→ WORK TASK: Exactly as written, transcribe the data from its opening line through the line containing "Selling a handy". Leave every picture out.

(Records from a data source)
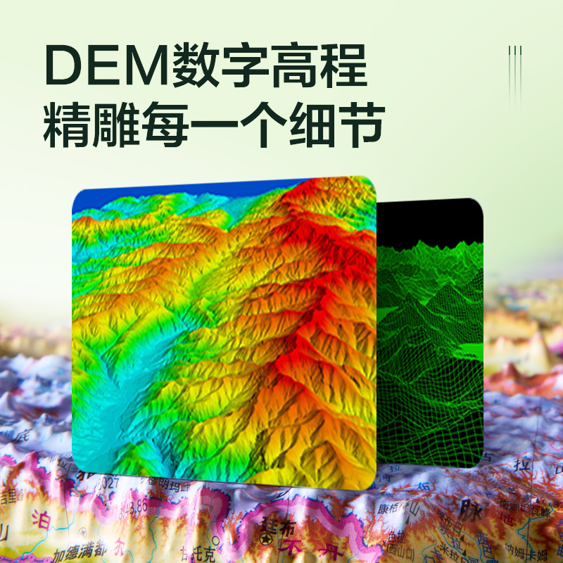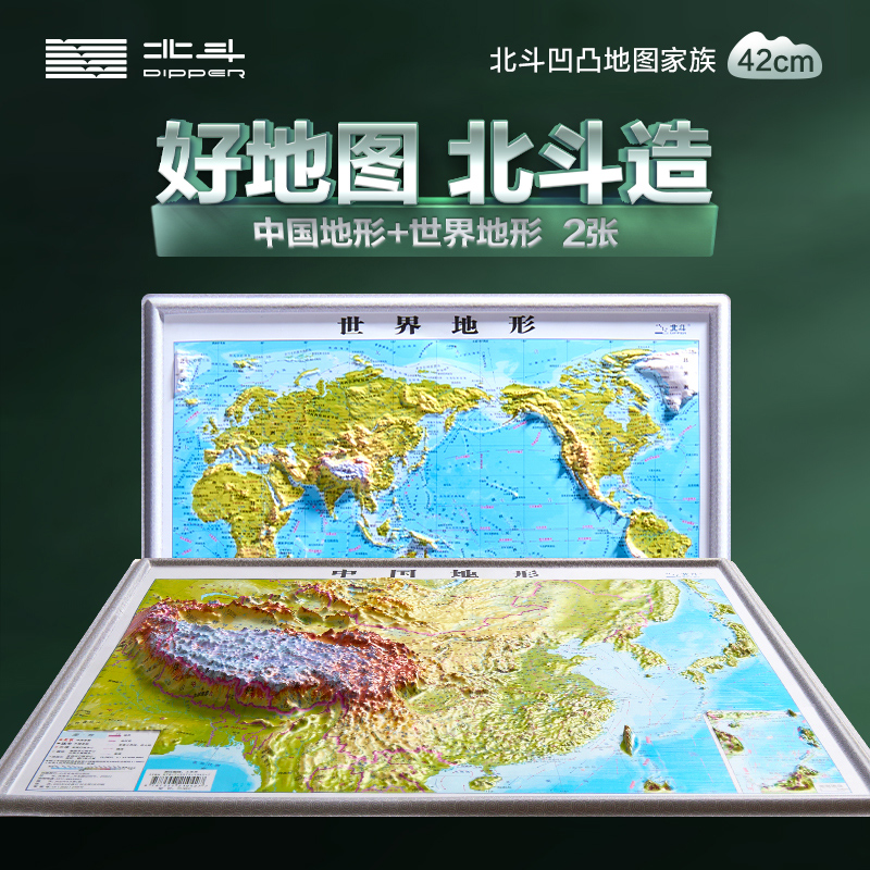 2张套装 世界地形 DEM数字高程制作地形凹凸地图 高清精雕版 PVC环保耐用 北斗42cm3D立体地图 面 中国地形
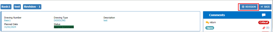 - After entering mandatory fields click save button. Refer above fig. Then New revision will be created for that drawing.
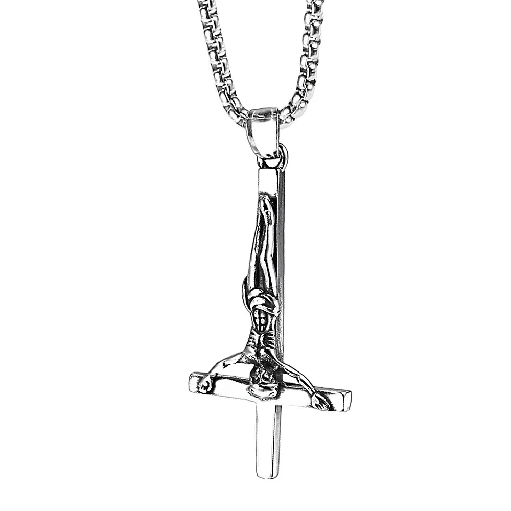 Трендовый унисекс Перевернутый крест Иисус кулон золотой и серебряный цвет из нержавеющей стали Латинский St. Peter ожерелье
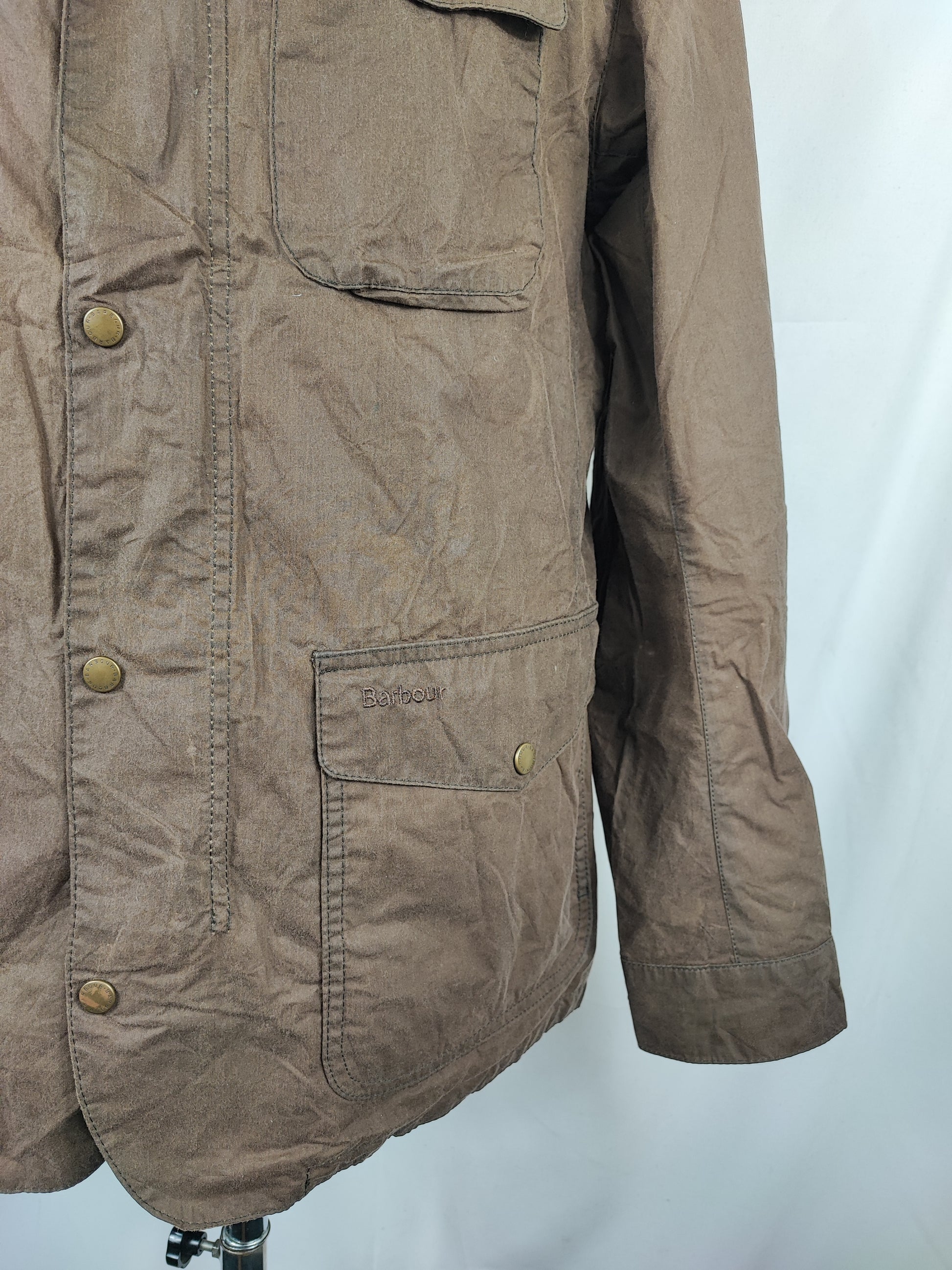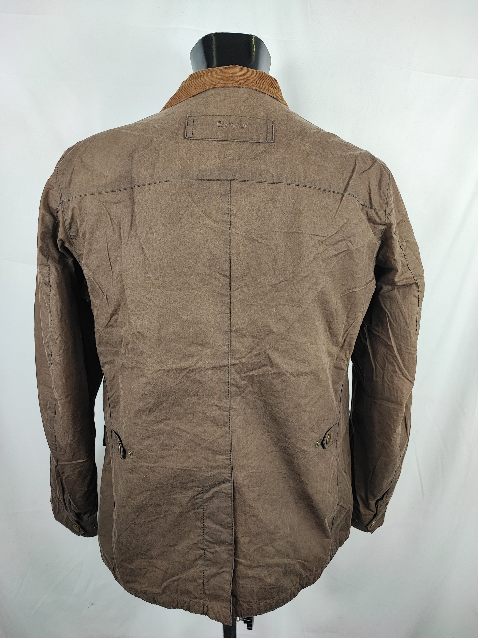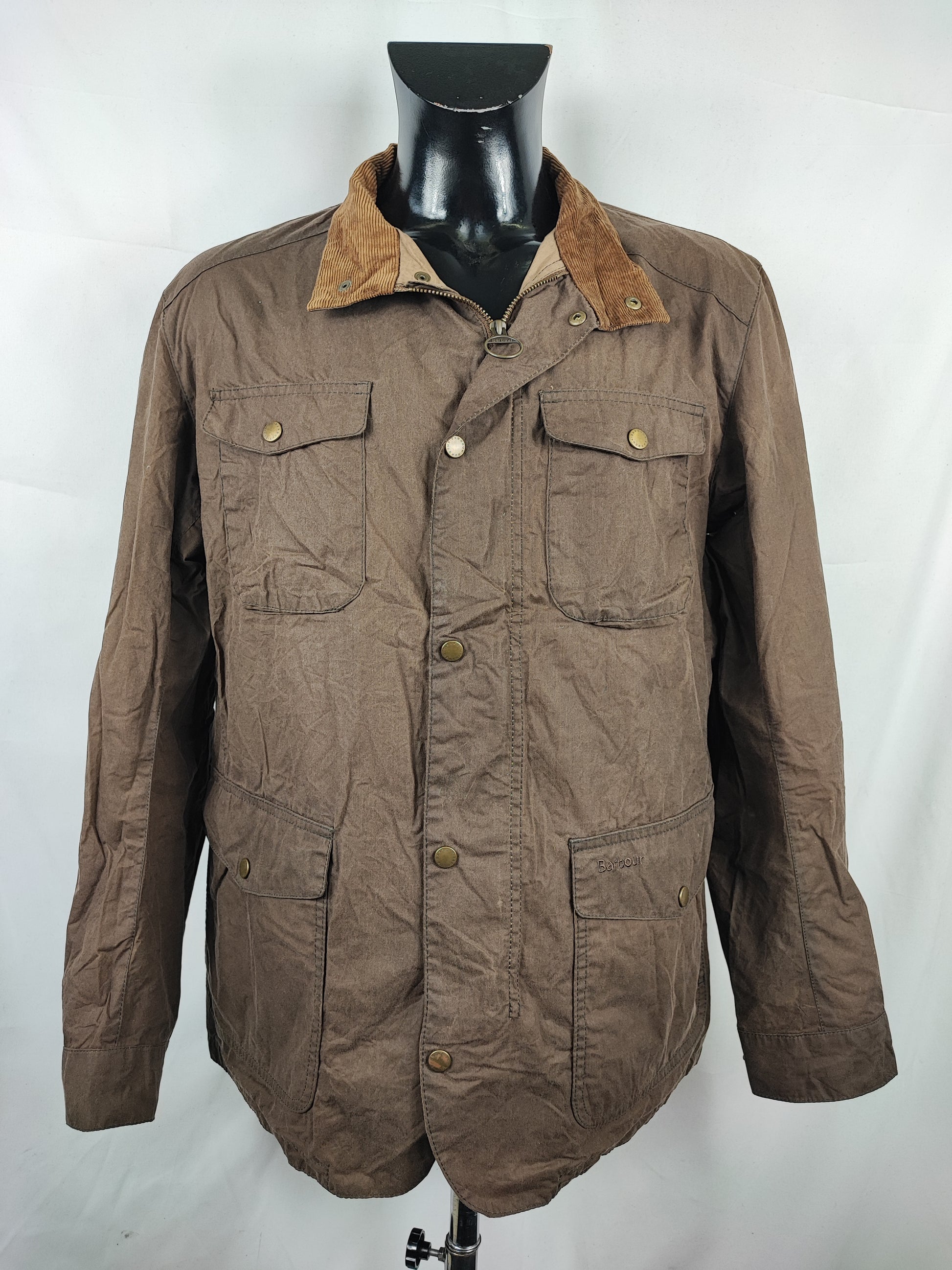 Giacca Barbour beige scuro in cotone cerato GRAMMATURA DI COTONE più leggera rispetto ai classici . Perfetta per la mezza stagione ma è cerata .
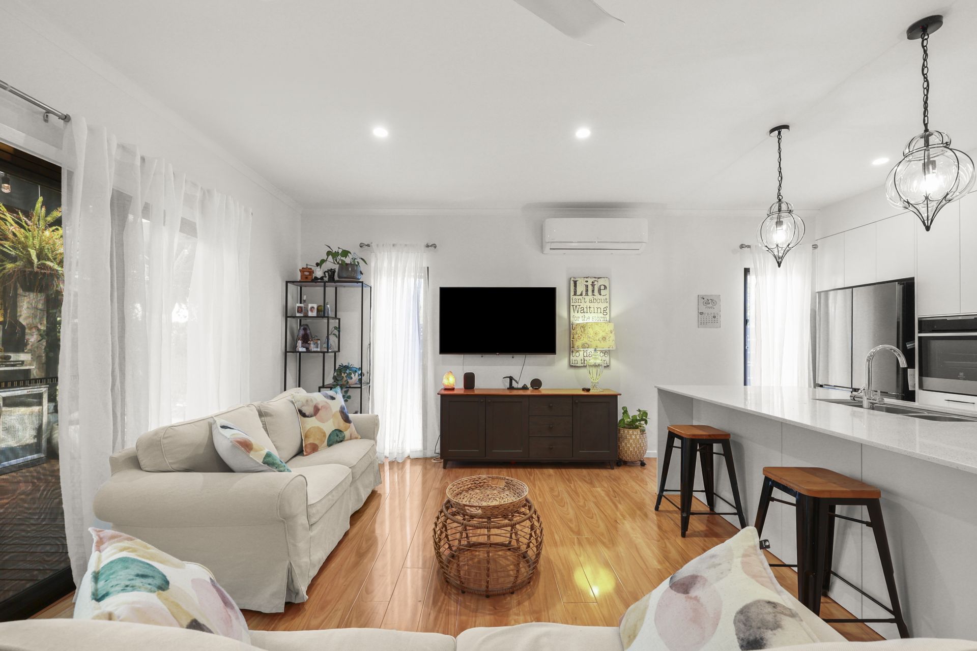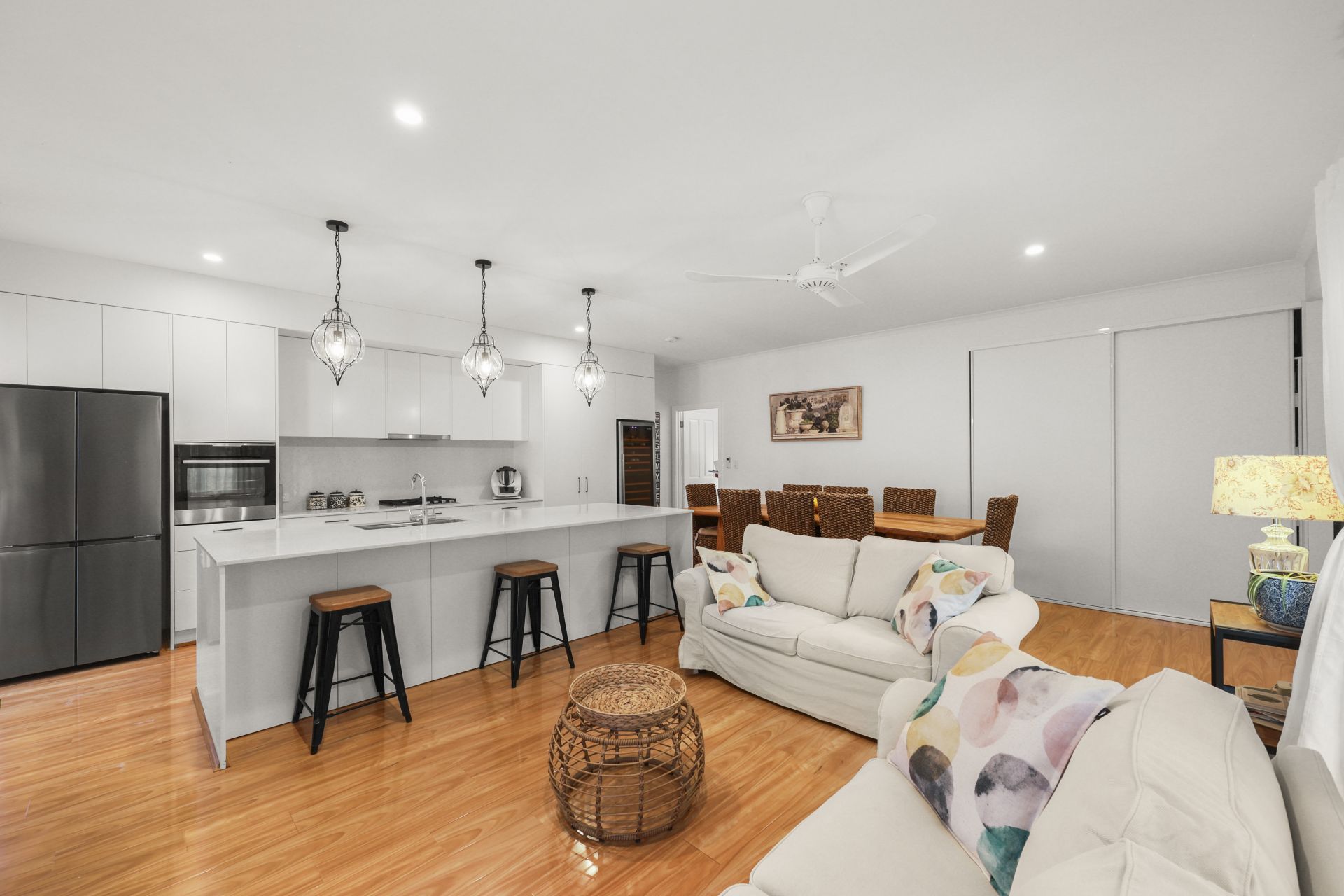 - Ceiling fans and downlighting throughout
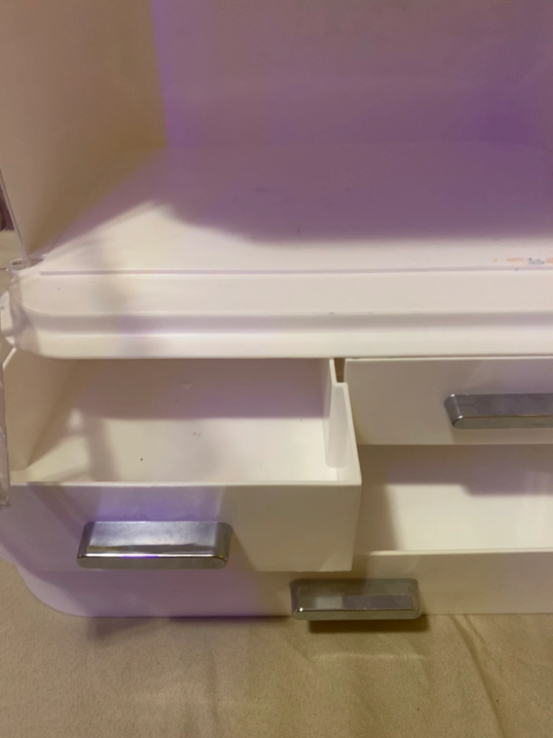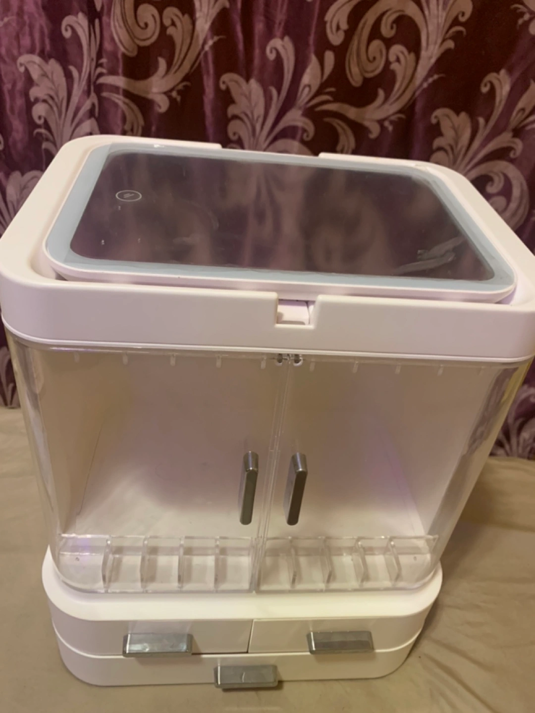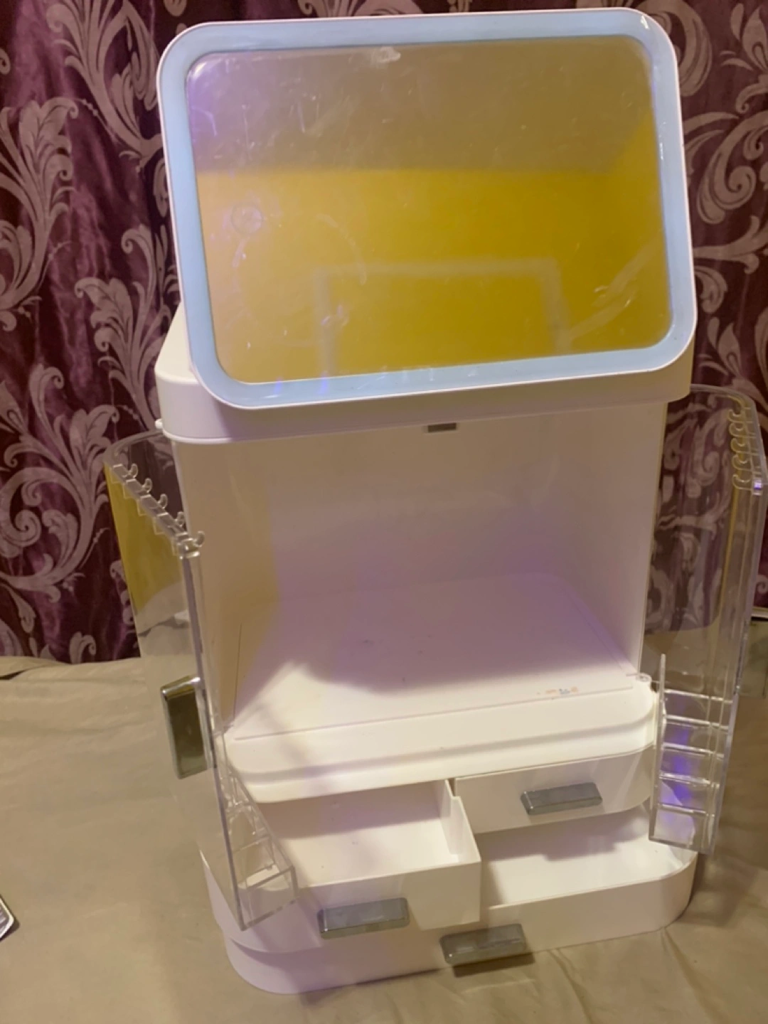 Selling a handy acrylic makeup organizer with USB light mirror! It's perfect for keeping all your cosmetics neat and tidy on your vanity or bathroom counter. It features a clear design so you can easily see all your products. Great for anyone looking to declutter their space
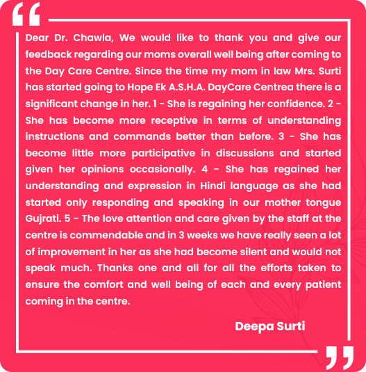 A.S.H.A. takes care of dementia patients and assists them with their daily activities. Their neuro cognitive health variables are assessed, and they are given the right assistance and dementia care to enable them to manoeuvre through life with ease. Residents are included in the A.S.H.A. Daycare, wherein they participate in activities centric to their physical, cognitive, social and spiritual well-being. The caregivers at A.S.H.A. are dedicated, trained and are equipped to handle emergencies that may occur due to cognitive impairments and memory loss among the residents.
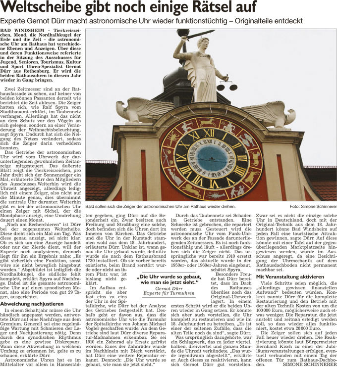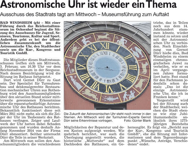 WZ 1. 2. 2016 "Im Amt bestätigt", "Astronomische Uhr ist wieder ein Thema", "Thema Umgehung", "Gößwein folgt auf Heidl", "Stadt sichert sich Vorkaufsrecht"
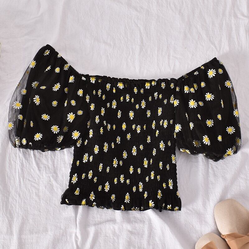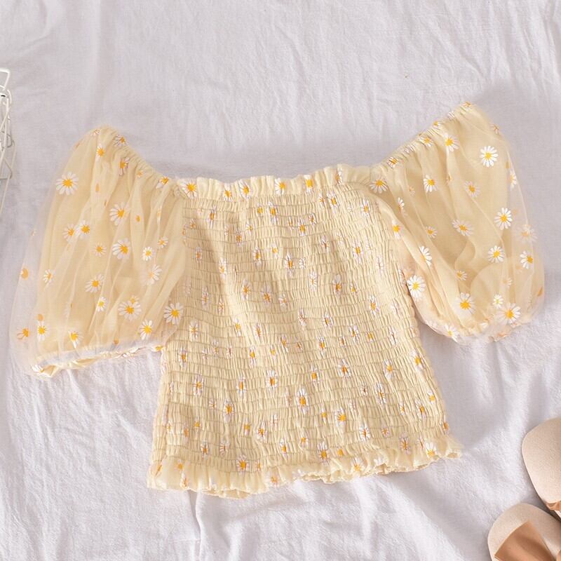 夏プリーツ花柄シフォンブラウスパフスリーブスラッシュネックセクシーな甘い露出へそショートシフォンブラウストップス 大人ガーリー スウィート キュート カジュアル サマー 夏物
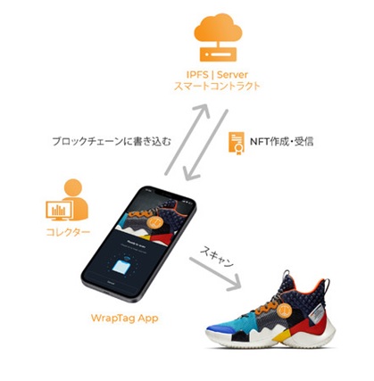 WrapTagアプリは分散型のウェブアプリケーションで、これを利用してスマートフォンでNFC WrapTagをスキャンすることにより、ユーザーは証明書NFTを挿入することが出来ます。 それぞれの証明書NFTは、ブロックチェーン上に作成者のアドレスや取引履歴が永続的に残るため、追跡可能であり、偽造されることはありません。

→ RESULT OF THE TASK:
 2张套装 世界地形 DEM数字高程制作地形凹凸地图 高清精雕版 PVC环保耐用 北斗42cm3D立体地图 面 中国地形
 - After entering mandatory fields click save button. Refer above fig. Then New revision will be created for that drawing.
 Трендовый унисекс Перевернутый крест Иисус кулон золотой и серебряный цвет из нержавеющей стали Латинский St. Peter ожерелье
 Giacca Barbour beige scuro in cotone cerato GRAMMATURA DI COTONE più leggera rispetto ai classici . Perfetta per la mezza stagione ma è cerata .
 - Ceiling fans and downlighting throughout
 Selling a handy acrylic makeup organizer with USB light mirror! It's perfect for keeping all your cosmetics neat and tidy on your vanity or bathroom counter. It features a clear design so you can easily see all your products. Great for anyone looking to declutter their space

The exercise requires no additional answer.